Bagikan:

JAKARTA - Dinas Lingkungan Hidup (DLH) DKI Jakarta menegaskan bahwa kematian ikan sapu-sapu secara massal di Sungai Kalibaru, Kramat Jati, Jakarta Timur beberapa waktu lalu bukan karena limbah kurban.

"Apabila penyebab kematian diduga akibat pembuangan limbah kurban, maka hal ini dapat saja terjadi pada banyak aliran sungai yang ada di DKI Jakarta," kata Kepala Dinas Lingkungan Hidup DKI Jakarta Asep Kuswanto dalam keterangannya di Jakarta, Antara, Jumat, 29 Juli.

Hal ini, kata Asep, berdasarkan kajian yang dilakukan oleh pihaknya dengan menggandeng Pusat Penelitian Lingkungan Hidup Institut Pertanian Bogor (PPLH IPB) untuk menyelidiki penyebab kematian ikan sapu-sapu di Sungai Kalibaru Timur, Kramat Jati, Jakarta Timur.

"Namun, karena kejadian kematian massal ikan hanya terjadi pada skala lokal di salah satu ruas Sungai Kalibaru Timur, terdapat kemungkinan adanya kejadian tidak biasa berupa pembuangan limbah dengan debit sangat besar atau konsentrasi limbah sangat tinggi, kemudian tersebar langsung ke dalam ruas sungai tersebut yang dapat menyebabkan adanya perubahan drastis kualitas air, sehingga menjadi penyebab kematian massal Ikan sapu sapu yang hidup di area tersebut," ujarnya.

Untuk kajian tersebut, Asep menyebutkan bahwa setelah kejadian kematian massal ikan sapu sapu di Sungai Kalibaru Timur pada 11 Juli 2022, tim dari Dinas Lingkungan Hidup Provinsi DKI Jakarta melakukan investigasi dengan mengambil sampel air sungai di lokasi kejadian pada hari yang sama yang kemudian dibawa ke Laboratorium Lingkungan Hidup Daerah (LLHD) Provinsi DKI Jakarta untuk dianalisis lebih lanjut.

Dari hasil analisis, lanjut dia, memang terjadi peningkatan nilai cukup tajam pada hari kejadian untuk beberapa parameter kualitas air jika dibandingkan dengan data kisaran hasil pemantauan rutin serta baku mutu.

DLH, kata Asep, setiap tahun secara rutin melakukan pemantauan kualitas air sungai pada empat periode mewakili musim hujan, kemarau, dan peralihan antarmusim di 120 titik pemantauan di seluruh Jakarta.

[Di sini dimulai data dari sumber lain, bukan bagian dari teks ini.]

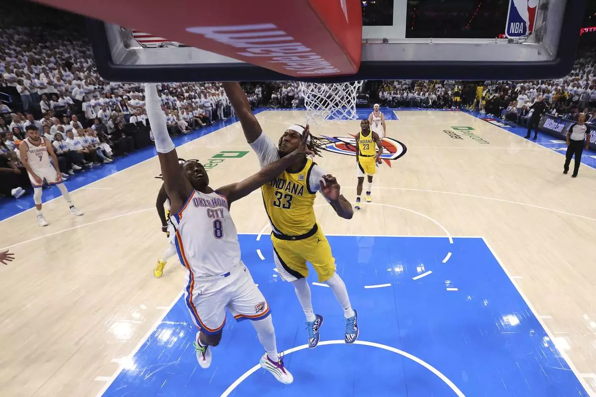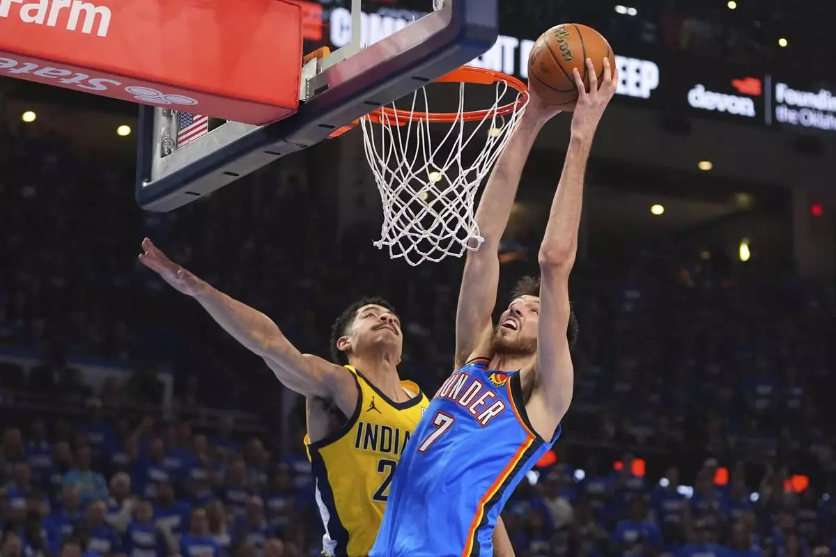 Oklahoma City Thunder forward Chet Holmgren (7) dunks against Indiana Pacers guard Ben Sheppard (26) during the first half of Game 2 of the NBA Finals basketball series Sunday, June 8, 2025, in Oklahoma City. (AP Photo/Julio Cortez)

Beberapa parameter kualitas air yang ditemukan peningkatan cukup tajam, ungkap Asep, di antaranya BOD yang pada saat kejadian bernilai 68 mg/L (baku mutu 3 mg/L), COD 309 mg/L (baku mutu 25 mg/L), dan Fecal Coliform 1.400.000 MPN/100ml (baku mutu 1.000 MPN/100ml).

"Berdasarkan kajian itu, disimpulkan penyebab kematian massal ikan sapu-sapu yang dominan di sana saat itu, diduga kuat berasal dari aktivitas domestik yang tidak biasa, seperti pembuangan limbah dengan debit yang sangat besar atau kejadian khusus lainnya," ucapnya.

Atas temuan itu, kata dia, langkah lebih lanjut yang akan dilakukan Dinas Lingkungan Hidup adalah melakukan inventarisasi sumber pencemaran domestik, baik yang berasal dari permukiman, perkantoran, industri skala kecil-menengah, industri skala besar dan aktivitas lainnya di ruas sungai tersebut.

"Apabila teridentifikasi penyebab lebih dominan dari aktivitas rumah tangga, maka lokasi tersebut dapat menjadi prioritas pembuatan IPAL Komunal atau ekoriparian berkolaborasi dengan Dinas Sumber Daya Air (SDA) dan Dinas Pertamanan dan Hutan Kota (DPHK). Kami juga mengimbau masyarakat sekitar bantaran agar bijak dalam pengelolaan limbah domestik," katanya menambahkan.